**TASK TO CARRY OUT:**
Reproduce the listing below word for word and exclude any picture.

**DATA SECTION:**
════════

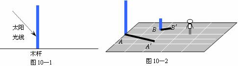 (1)一木杆按如图10-1所示的方式直立在地面上,请在图中画出它在阳光下的影子(用线段CD表示);
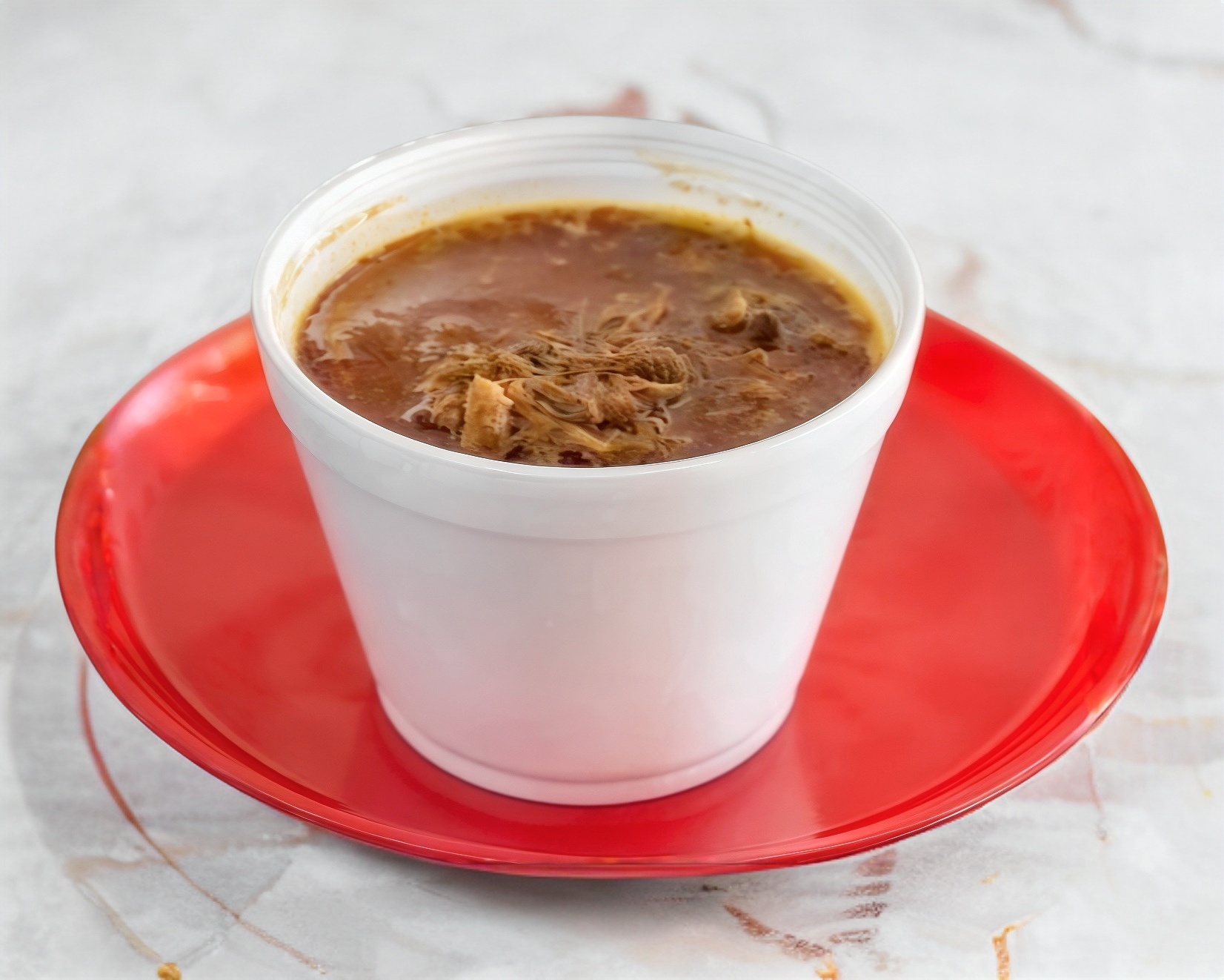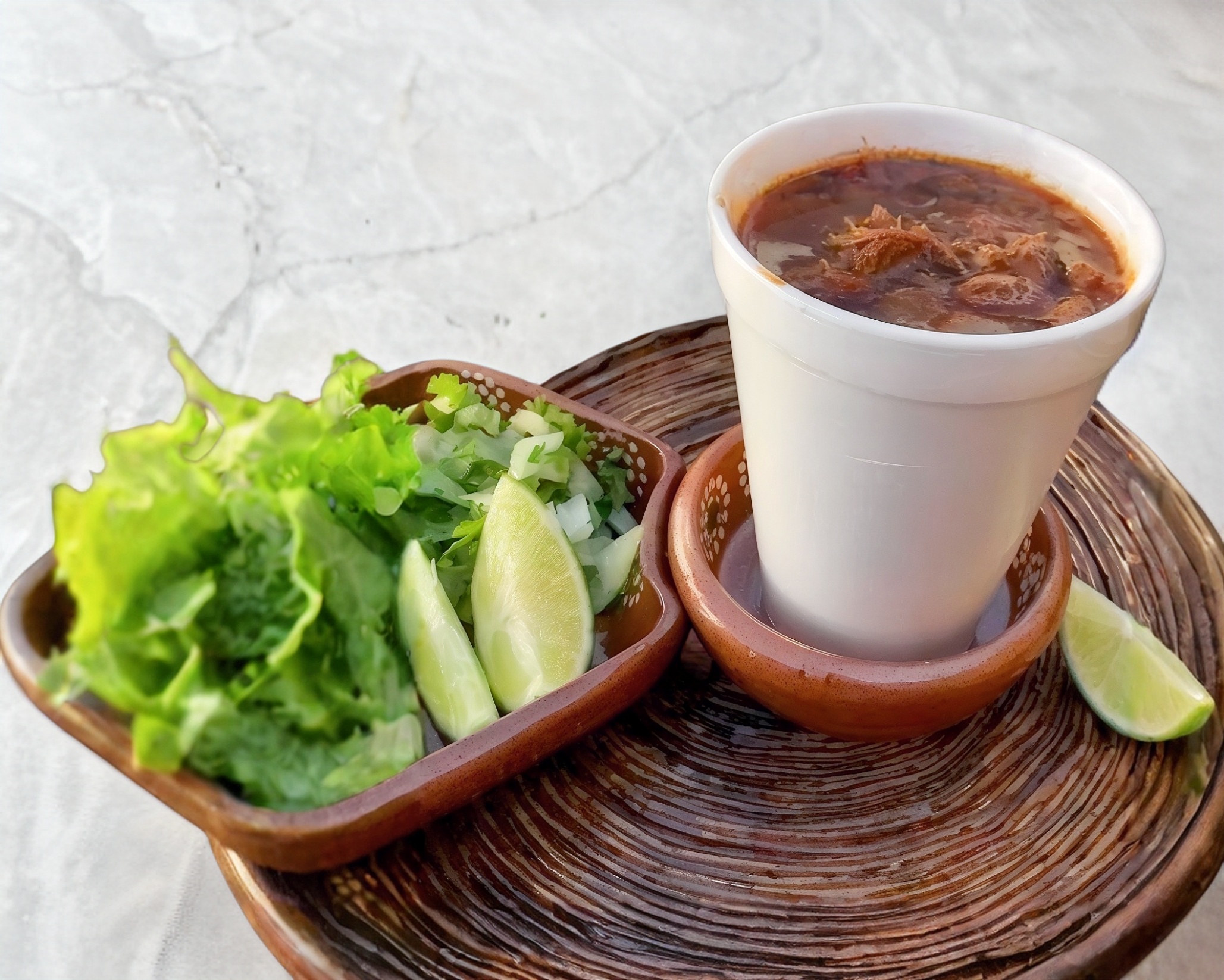 Un litro de consomé de barbacoa con una bolsa de cebolla y una bolsa de salsa con 5 tortillas
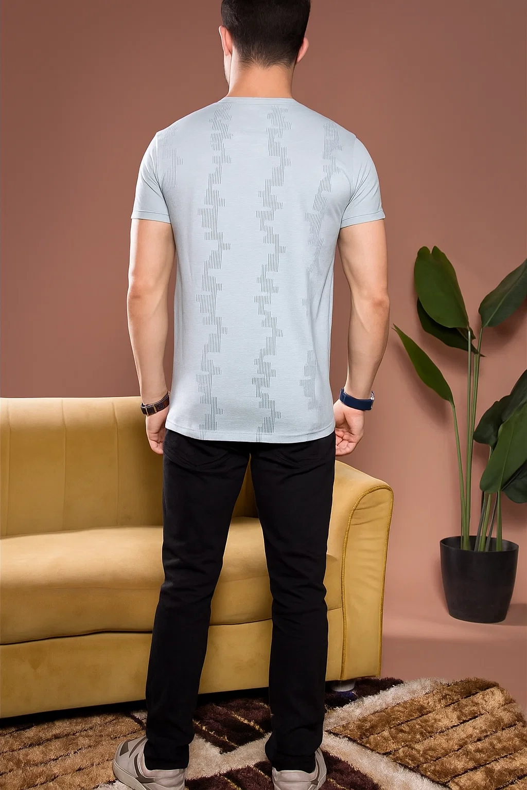 Stay cool and stylish with this sky blue t-shirt made from premium fabric. Its lightly embossed pattern adds a modern twist, making it great for daily wear or casual weekends. Matches well with both light and dark denim.
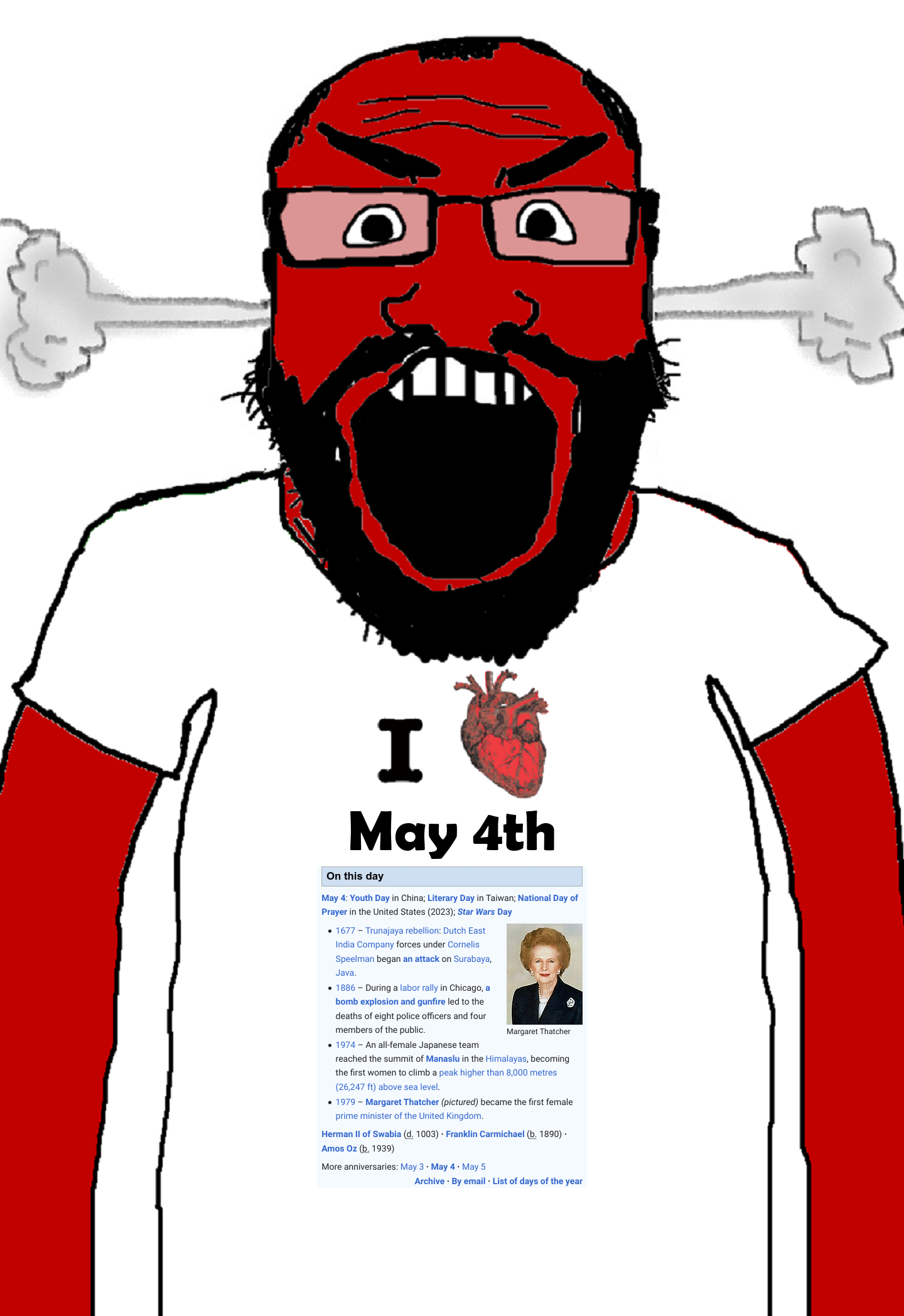 Margaret Thatcher is mentioned plus it is Star Wars day therefore this is coal.

════════

**RESULT OF THE TASK:**
 (1)一木杆按如图10-1所示的方式直立在地面上,请在图中画出它在阳光下的影子(用线段CD表示);
 Un litro de consomé de barbacoa con una bolsa de cebolla y una bolsa de salsa con 5 tortillas
 Stay cool and stylish with this sky blue t-shirt made from premium fabric. Its lightly embossed pattern adds a modern twist, making it great for daily wear or casual weekends. Matches well with both light and dark denim.
 Margaret Thatcher is mentioned plus it is Star Wars day therefore this is coal.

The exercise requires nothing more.